We are releasing a new gVisor platform: Systrap. Like the existing ptrace
platform, Systrap runs on most Linux machines out of the box without
virtualization. Unlike the ptrace platform, it’s fast 🚀. Go try it by adding
--platform=systrap
to the runsc flags. If you want to know more about it, read
on.
gVisor is a security boundary for arbitrary Linux processes. Boundaries do not come for free, and gVisor imposes some performance overhead on sandboxed applications. One of the most fundamental performance challenges with the security model implemented by gVisor is system call interception, which is the focus of this post.
To recap on the
security model:
gVisor is an application kernel that implements the Linux ABI. This includes
system calls, signals, memory management, and more. For example, when a
sandboxed application calls
read(2)
, it actually
transparently calls into
gVisor’s implementation of this system call
This minimizes the attack surface of the host kernel, because sandboxed programs
simply can’t make system calls directly to the host in the first place1. This
interception happens through an internal layer called the Platform interface,
which we have written about in a previous
blog post. To handle
these interceptions, this interface must also create new address spaces,
allocate memory, and create execution contexts to run the workload.

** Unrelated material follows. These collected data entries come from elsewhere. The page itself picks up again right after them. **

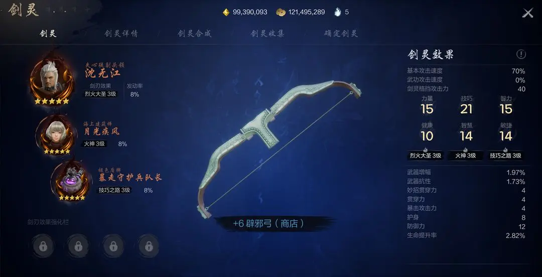游戏里的剑灵有主副之分,主剑灵的效果能更直观地体现在攻击中,而给弓介绍的主剑灵以上三者选一皆可,因为他们的灵魂剑刃效果都是烈火大圣,这也是弓职业毕业最佳效果,它不仅可以直接对怪物造成百分比数值的伤害,还可以直接增加弓的命中率,对远程职业来说最害怕的就是boss身上跳出的Miss提醒,有了这三个得力悍将,箭箭到肉就不再是梦了。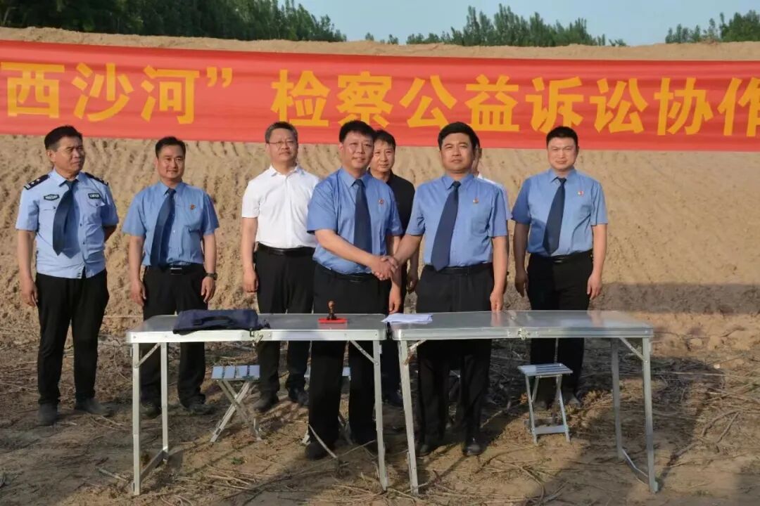 为深入开展“燕赵山海·公益检察”护航美丽河北建设专项监督活动,建立健全西沙河流域水环境保护检察公益诉讼协作机制,着力解决西沙河流域环境问题,共同护好水生态,打好碧水保卫战。5月15日下午,南宫市人民检察院与巨鹿县人民检察院在西沙河流域举行《关于建立“西沙河”检察公益诉讼协作机制的意见》会签仪式,南宫市人民检察院党组书记、检察长南海京和巨鹿县人民检察院党组书记、检察长孟宪荣出席会签仪式,南宫市、巨鹿县水务局主要负责同志和两地检察机关分管负责同志参加本次活动。 会签仪式上,两地检察机关签署了《关于建立“西沙河”检察公益诉讼协作机制的意见》,与会人员一致认为,双方在各负其责、因地制宜的前提下,全方位加强西沙河流域(南宫-巨鹿段)水环境保护跨区域协作,充分发挥检察公益诉讼职能,推动行政机关主动履职尽责,筑牢西沙河流域水环境保护跨区域联动防线。  协作机制会商期间,南海京检察长就我院办理的西沙河流域南宫段河道内种植高杆树木侵占河道一案情况,现场向南宫市水务局主要负责同志送达了检察建议书。
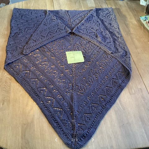 Hjemmestrikket sjal. Garn er 75% mohair, 25% silke. Jeg modtager bestillinger. Mit arbejde koster 600kr plus garn og valgfri farver.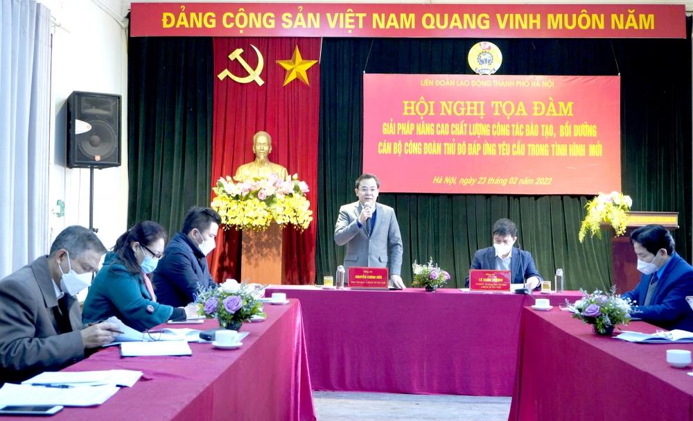 Phó Chủ tịch LĐLĐ thành phố Hà Nội Nguyễn Chính Hữu phát biểu tại Hội nghị tọa đàm “Giải pháp nâng cao chất lượng công tác đào tạo, bồi dưỡng cán bộ Công đoàn Thủ đô đáp ứng yêu cầu trong tình hình mới”. Ảnh: Mai Quý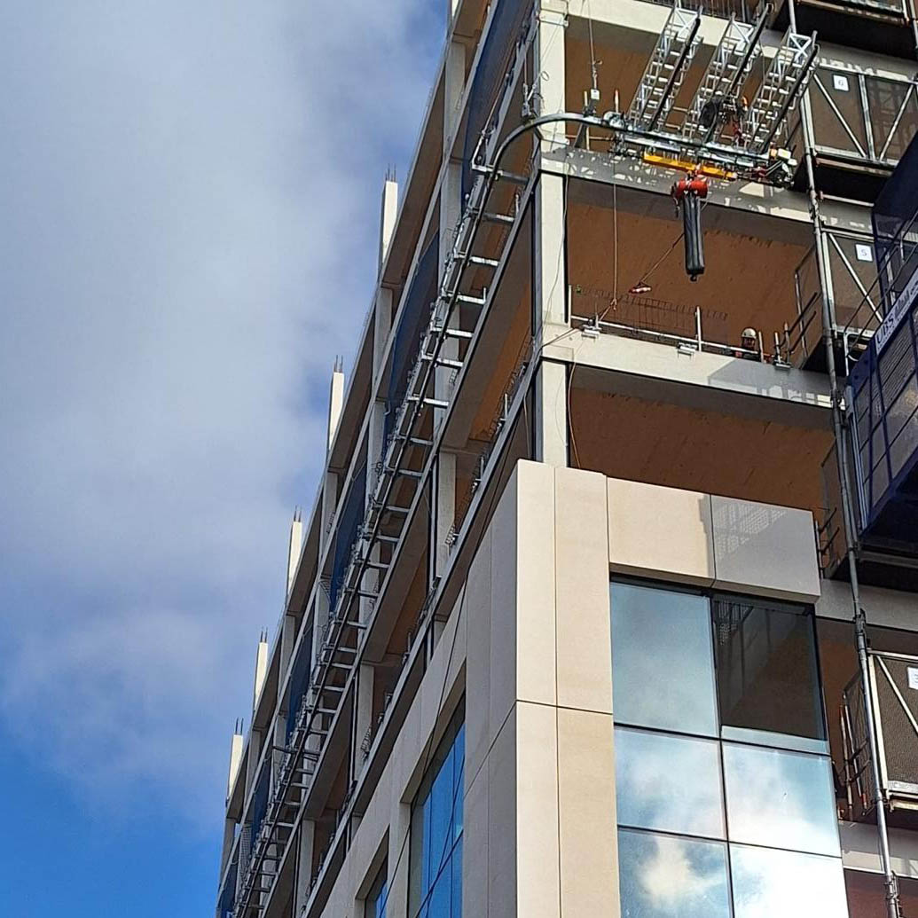 The monorail can lift weights up to 2000KG and can be fitted with a cradle so that once the cladding has been installed you can work on the external finishing easily.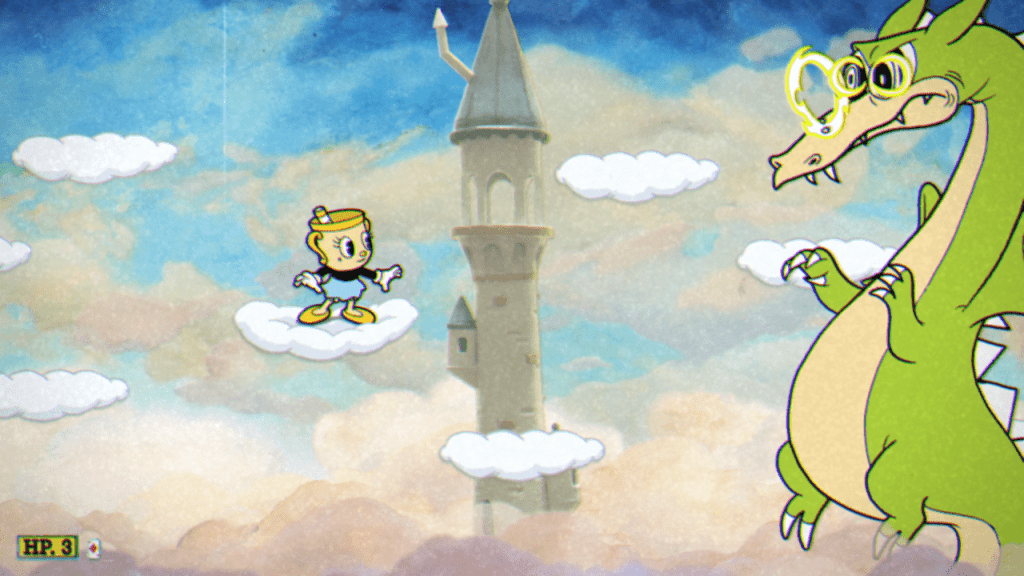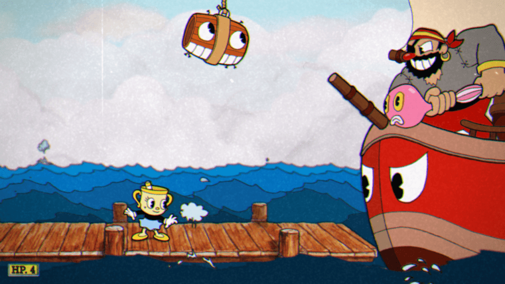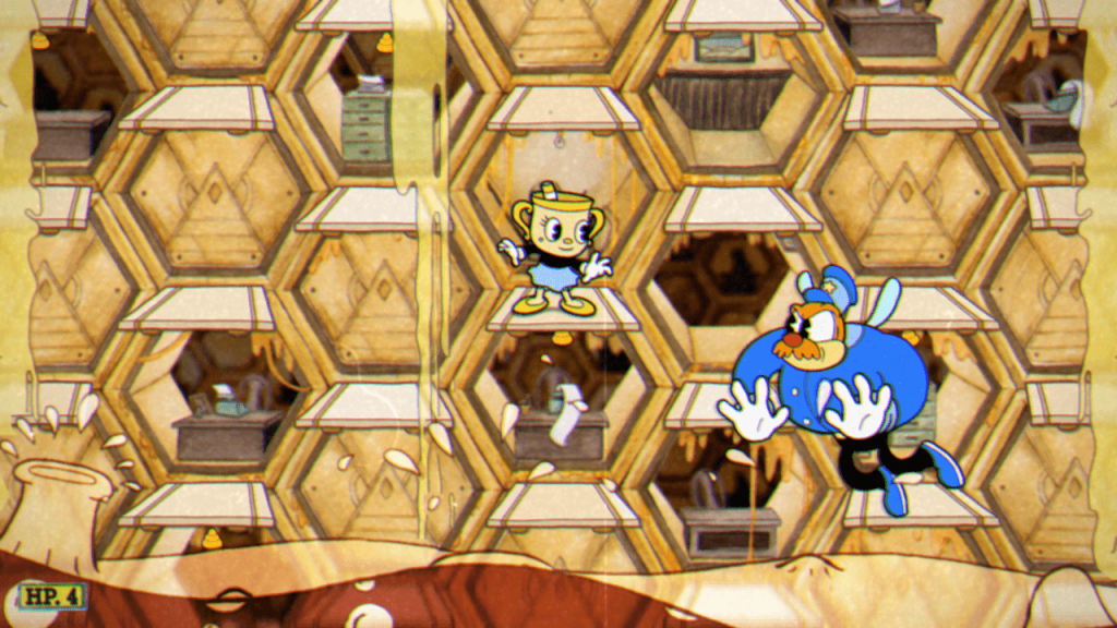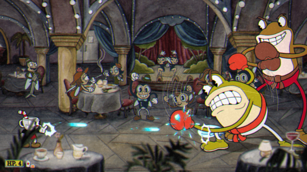 Aparcando ya la frenética jugabilidad y esfuerzo que supone el juego, vamos a adentrarnos en uno de los apartados que más destacan del título y que es el visual. Nos encontraremos de lleno con niveles con un estilo artístico intachable, pintados a mano de manera digital y presentando una paleta de colores bastante recargada que hace que los escenarios destaquen nada más empezar el nivel que seleccionemos. A la par, cabe recalcar todas y cada una de las animaciones que presentan los personajes del juego y las acciones que realizan en cada momento, derrochando bastante personalidad, desde el principio del combate tomando una pose o haciendo una mueca hasta en cada uno de sus diferentes ataques, que ocuparan parte de la pantalla en su totalidad. Cada una de ellas se crearon con las mismas técnicas de animación de principios del siglo pasado, utilizando para ello y como herramienta principal el rotoscopio. Destaca también esa sensación de grano en pantalla, como si de una película vieja se tratase, provocando, de esta manera, creer estar visualizando un corto clásico de animación interactivo.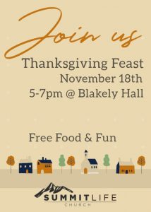 All are invited to join Summit Life Church for free food and fun to celebrate Thanksgiving!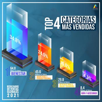 En las ventas globales por productos, la ca tegoría de ´bienestar´ ocupa el primer lugar con el 34.8% de participación, lo cual significa ventas de 64.8 Billones de dólares, seguida por la línea de cosméticos con participación del 24.5%, facturando 45.6 Billones de dóla res.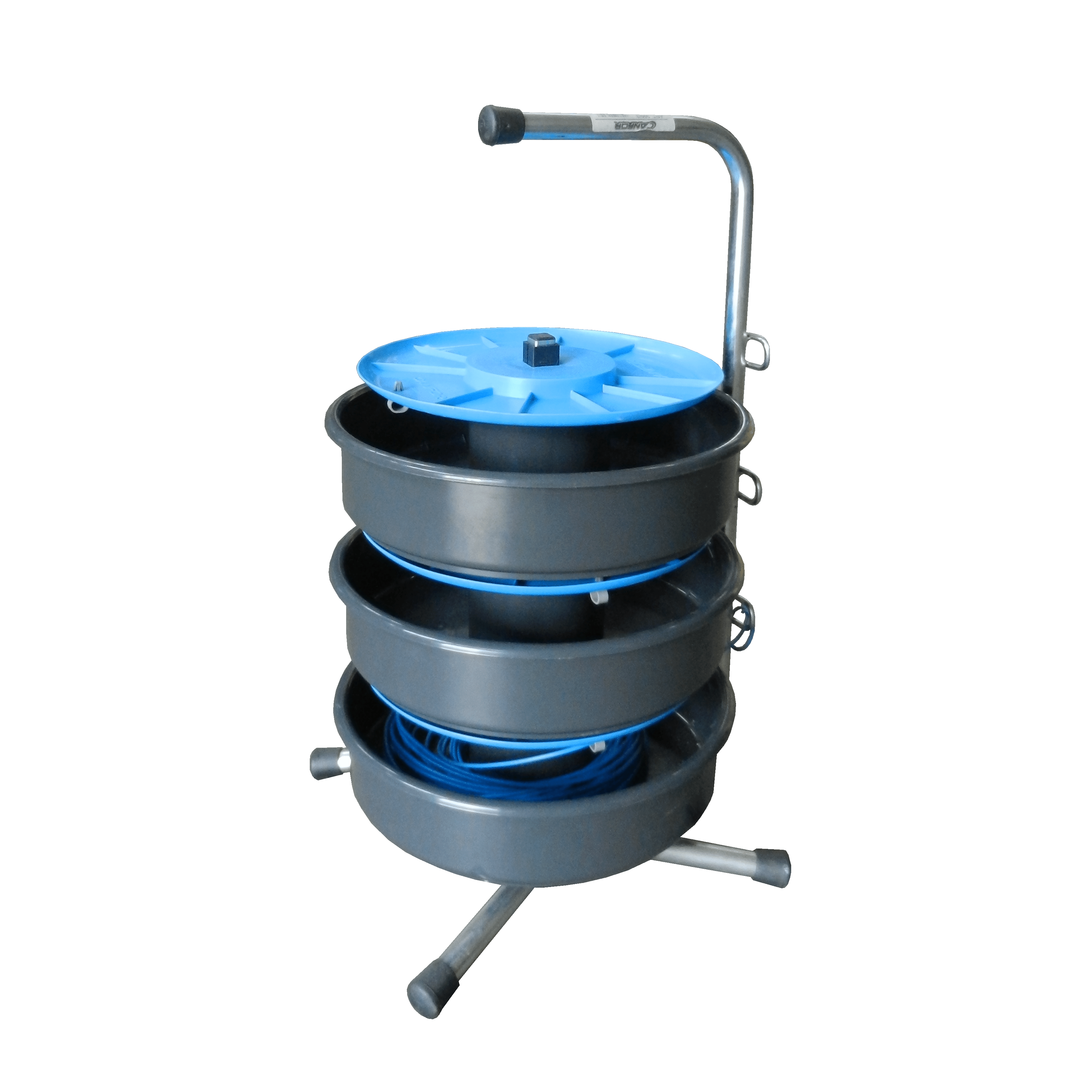 Svolgicavo compatto composto da tre cestelli portamatasse sovrapposti, montati su telaio. Il telaio verticale, realizzato con tubolare Ø 18 mm in acciaio zincato, prevede un manico allungato integrato per il trasporto e tre asole guidafilo. E’ dotato di un albero centrale portamatasse e di quattro gambe d’appoggio con piedini antisdrucciolo per aumentare la stabilità e la resistenza dello svolgitore al tiro dei fili. I cestelli portamatasse Ø 300 mm realizzati in plastica antiurto consentono il contenimento di matasse standard di filo Ø 290 mm. Ciascun portamatasse è girevole sul proprio supporto e prevede il prelievo del filo dalla spira interna della matassa, il cui capo interno va alloggiato nell’apposita guida fissata sotto il coperchio mentre il capo esterno va fissato nel foro previsto sul fondo del cestello. Quest’operazione è fondamentale in quanto il filo risulta protetto dalle dannose torsioni che potrebbero aver luogo dallo svolgimento per trazione del filo della matassa. Successivamente, il filo, passando attraverso l’asola guidafilo prevista sul telaio risulta essere sempre a disposizione dell’operatore. Date le modeste dimensioni, lo svolgicavo può essere comodamente contenuto all’interno del baule di un normale autoveicolo.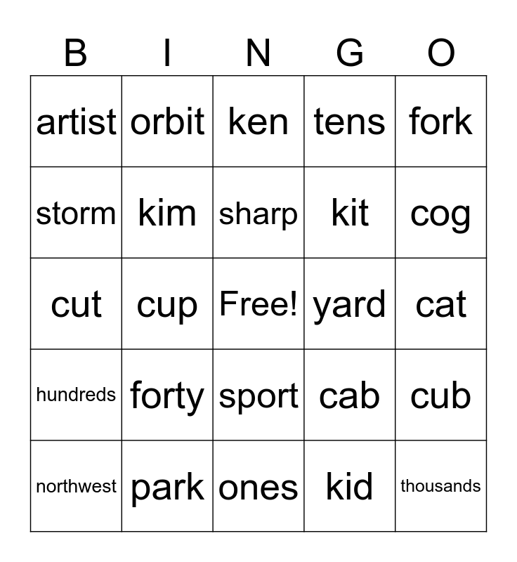 This bingo card has a free space and 24 words: forty, park, sharp, northwest, fork, artist, storm, orbit, yard, sport, kit, cut, cab, cub, kim, kid, cat, ken, cog, cup, thousands, hundreds, tens and ones.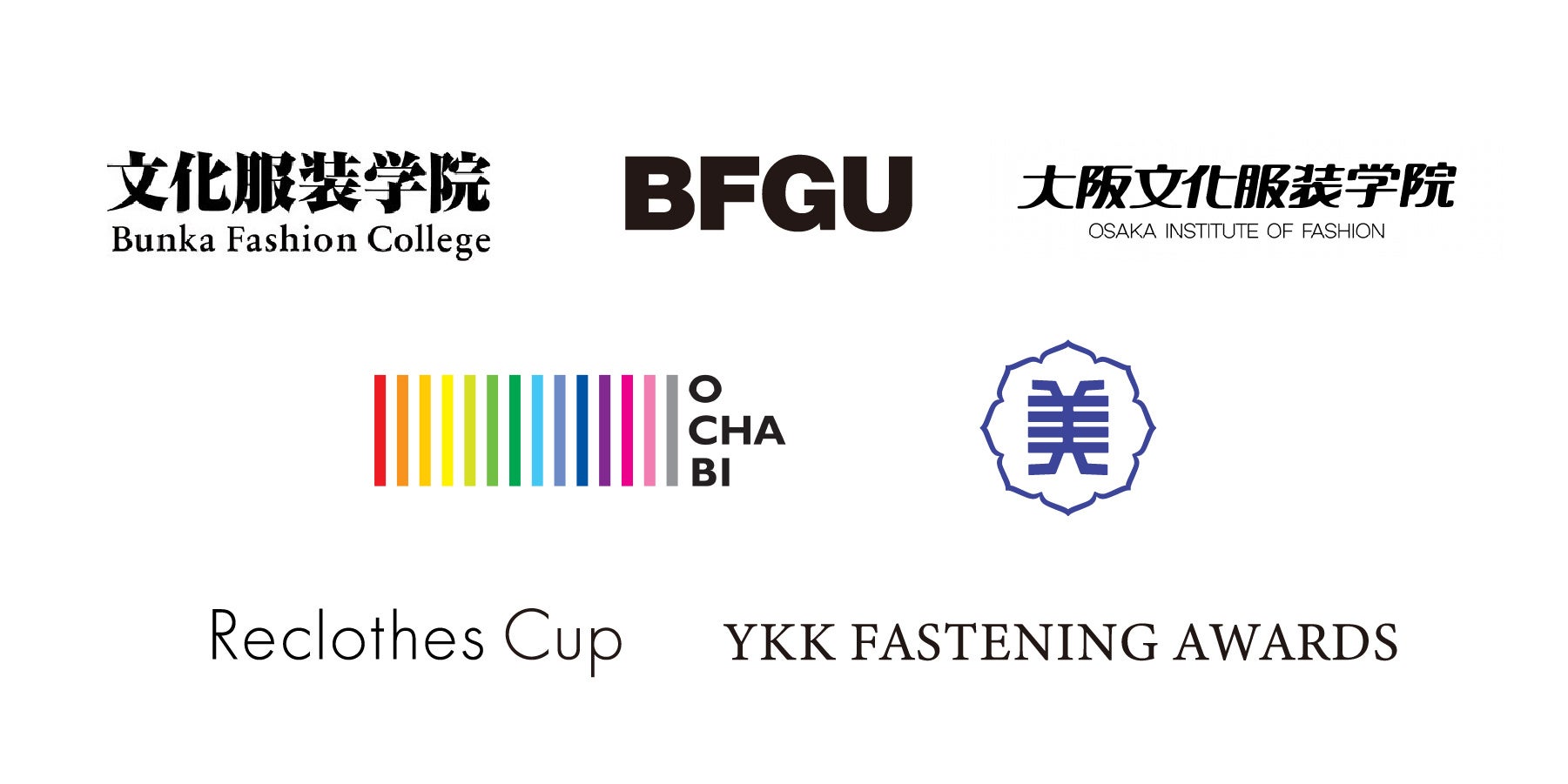【参加学校・企業一覧】① 文化服装学院 ② BFGU(文化ファッション大学院大学) ③ OIF SUPER CREATIVE ACT ④ 御茶の水美術専門学校×DIC株式会社 ⑤ 女子美術大学短期大学 ⑥ Reclothes cup 2023 (ブックオフ主催) ⑦ YKK FASTENING AWARDS (YKK主催)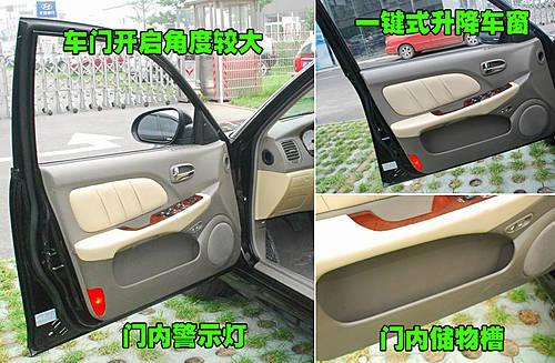 名馭的前排車門開啟角度比較大,這樣上下車都非常方便,同時車門下方配備了比較實用的警示燈,這樣在夜晚開門時保證了安全性。門內的儲物槽也非常實用,一鍵式升降車窗為這款車的標準配置。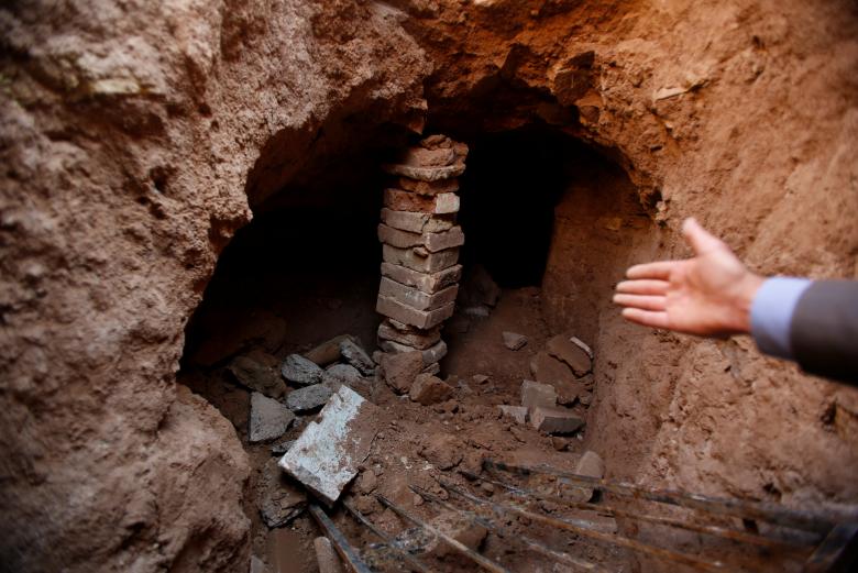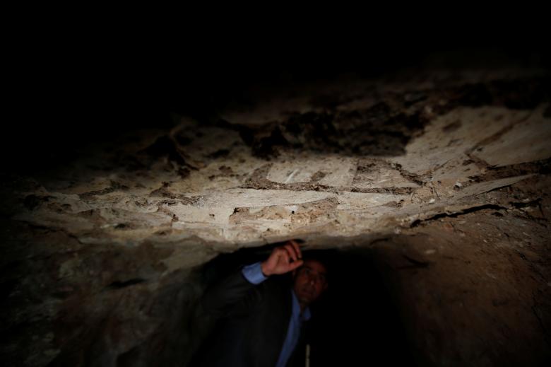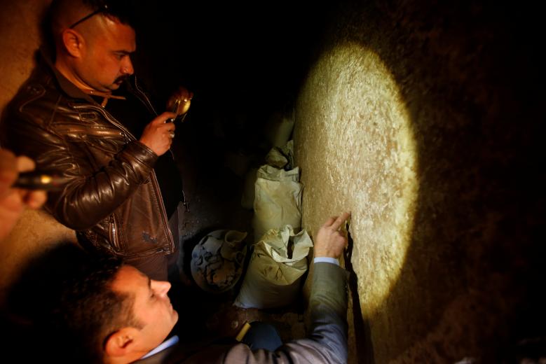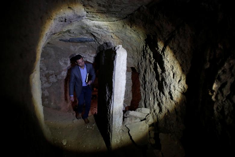 بحسب ما تناقله ناشطون على موقع التواصل الاجتماعي الفيسبوك، فان احد الانفاق التي عثر عليه تحتوي على منحوتات متنوعة منها للثور المجنح.

gVisor had two platform implementations: KVM and ptrace. The KVM platform uses the kernel’s KVM functionality to allow the Sentry to act as both guest OS and VMM (Virtual machine monitor). It does system call interception just like a normal virtual machine would. This gives good performance when using bare-metal virtualization, but has a noticeable impact with nested virtualization. The other obvious downside is that it requires support for nested virtualization in the first place, which is not supported by all hardware (such as ARM CPUs) or within some Cloud environments.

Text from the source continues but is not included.